Nowadays, machine learning approaches have become an integral part in a wide variety of technologies and use-cases, ranging through a lot of diverse fields: from healthcare to automotive, or from banking to supply chain optimization, arriving also at the point of directly influencing our everyday’s life (e.g. with smart-home devices, or even just with smartphones). In each of the aforementioned, usually, a big quantity of data needs to be collected, so that the various algorithms which are applied can provide better models and thus, give results that most of the times coincide with the "ground truth". To improve these performances, what is usually done by several companies developing machine learning-based solutions, is to cyclically train from zero their models with bigger quantities of data, which are accumulated by their platforms over time.
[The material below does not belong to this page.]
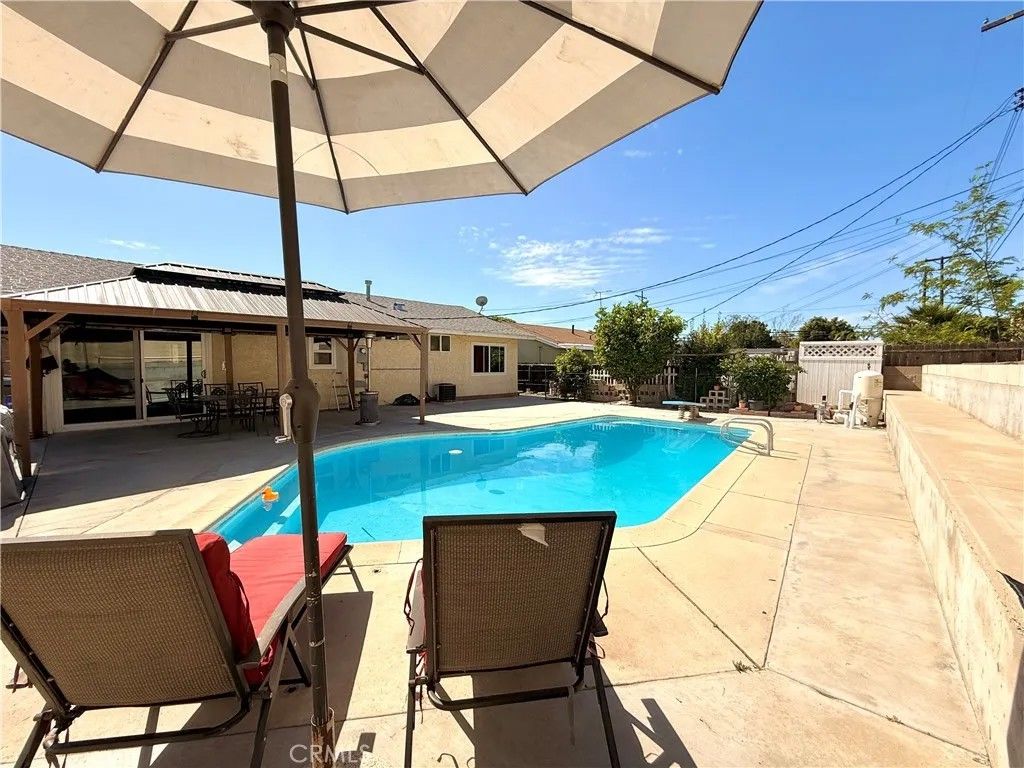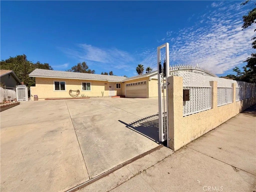 Welcome to 12471 Claretta Streetan inviting 3-bedroom, 2-bath home offering privacy, space, and exceptional outdoor living on a generous 7,500+ sq. ft. lot. Behind the gated front entry, youre welcomed by an expansive concrete driveway with ample parkingperfect for multiple vehicles, RV and/or boat parking. The property is fully enclosed with private brick and iron fencing, offering both security and seclusion. Inside, enjoy a spacious and comfortable living area filled with natural light, complemented by laminate and tile flooring throughout and dual-pane windows. The home offers a functional layout ideal for both everyday living and entertaining. The kitchen features granite countertops, white cabinetry, and stainless-steel appliances, flowing into a dining area with a ceiling fan and sliding doors that lead directly to the backyard. The bedrooms are generously sized and include ceiling fans and mirrored closet doors. Recent upgrades include copper plumbing and newer toilets, along with central A/C and heating for year-round comfort. Step outside to your private backyard retreatcomplete with a large pool, covered gazebo perfect for entertaining, and a low-maintenance yard with extensive cement work. The space is ideal for hosting gatherings or simply enjoying sunny Southern California days. A garden area with citrus trees and rose bushes adds charm, along with additional storage space. The garage is currently being used as a bonus room, offering flexibility for a home office, gym, or additional living space, with the option to use it as a garage if desired as well. Gated, private, and full of possibilitiesthis property features a large, low-maintenance lot with a spacious pool, a clean, move-in ready interior, and flexible indoor-outdoor spaces perfect for entertaining and comfortable living.

As it can be imagined, the process of defining an entirely new classifier after every predefined time window, can be expensive in terms of time and, more importantly, resources. In an era where companies, especially start-ups, rely on external infrastructures provided "as a service" to deliver their products to the customers, saving is of vital importance, and thus the training process mentioned above can’t be the best way to go. In this work, we collaborated with a small company to try and solve this issue, exploiting those approaches defined as incremental: a single classifier is kept over time and updates due to the presence of new data are applied directly to that instance, giving it thus the possibility to adapt to possible changes in data without the need of starting from the beginning the learning mechanism. The classifiers taken into consideration are the following three: Naïve-Bayes classifier, Random Forest classifier and Extra-Trees classifier. From our results, the performances are comparable to the ones obtained following the standard approaches, outlining so a new path that can be pursued for the implementation of this type of solutions.

Relatori: Paolo Garza
Anno accademico: 2020/21
Tipo di pubblicazione: Elettronica
Numero di pagine: 116
Soggetti:
Corso di laurea: Corso di laurea magistrale in Ingegneria Informatica (Computer Engineering)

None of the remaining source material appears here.